Figure 5.

Anisotropic substrate topographies affect floor‐plate patterning of NE organoids. A,B) NE organoids growing on PDMS chip with linear grooves of different dimensions (Chip 5 µm, Chip 10 µm, Chip 20 µm) and control PDMS chip with flat surface. Bright‐field images (Scale bars: 100 µm) and immunofluorescence staining (Scale bars: 50 µm) of F‐actin (phalloidin) and FOXA2 in NE organoids on A) day 14 and B) day 18, showing representative examples of successful floor‐plate patterning in NE organoids.
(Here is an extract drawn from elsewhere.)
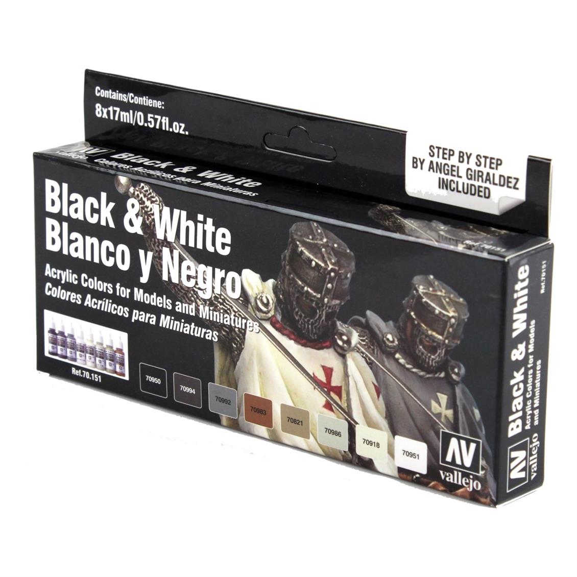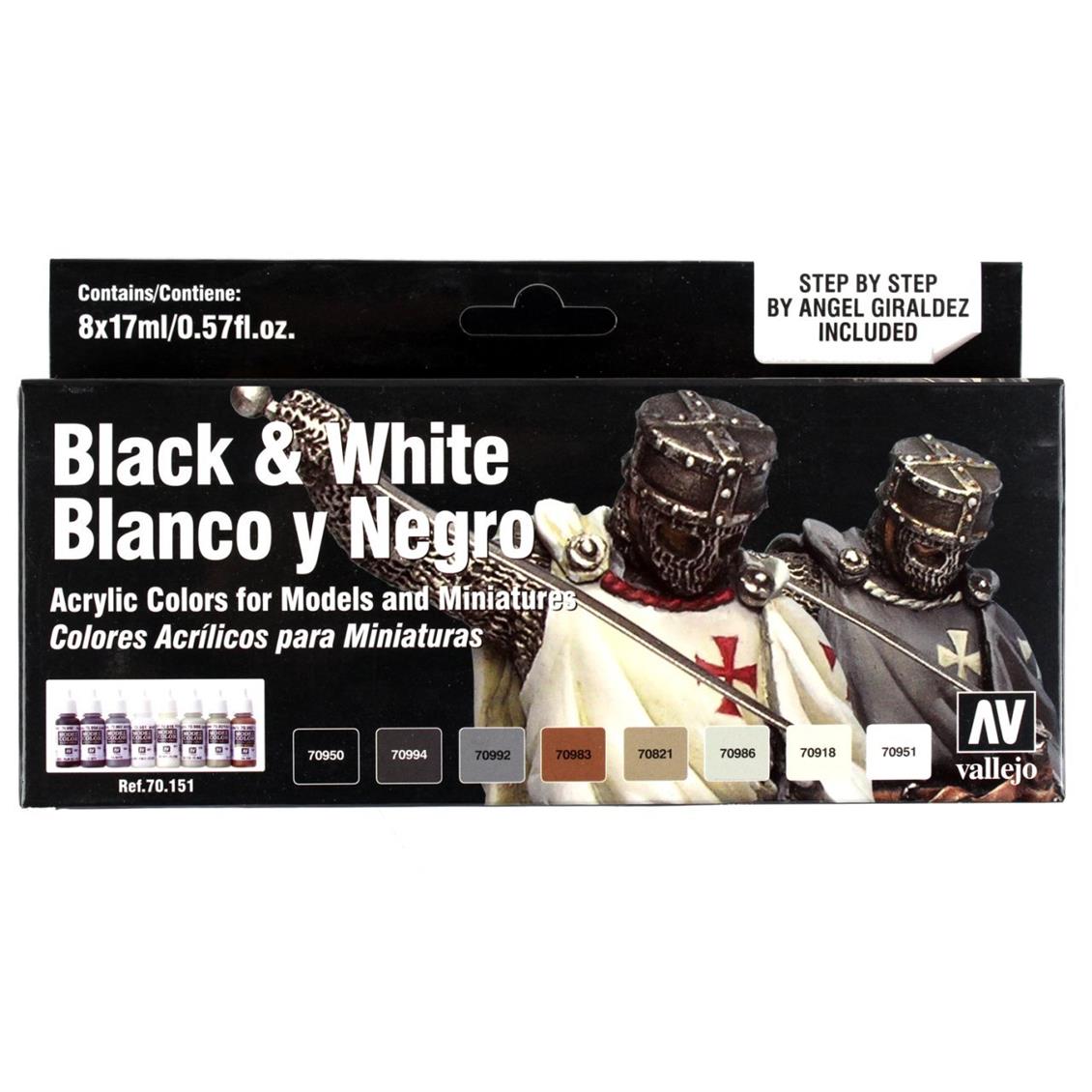 Vallejo 70151 8x17 ml. Black & White (8) von Angel Giraldez, Modellfarbe -Modell -Modellmalerei

C–E) Quantification of area, lumen‐to‐organoid size ratio, number density of NE organoids and percentage of floor‐plate patterned NE organoids on (C) day 14, (D) day 16, and (E) day 18, n ≥ 3. F–H) Quantification of F‐actin (phalloidin) intensity in NE organoids on (F) day 14, (G) day 16, and (H) day 18, n ≥ 3. Total mean fluorescence intensity (MFI) of F‐actin (phalloidin) were shown as dot plots (left) and the corresponding MFI of each slide along the Z‐stack were indicated as curve graphs (right). Error bars in (C–H) represent S.E.M. P‐values of statistical significance were represented as: * P < 0.05, ** P < 0.01, *** P < 0.001, **** P < 0.0001, using one‐way analysis of variance (ANOVA) followed by Dunnett multiple comparisons test.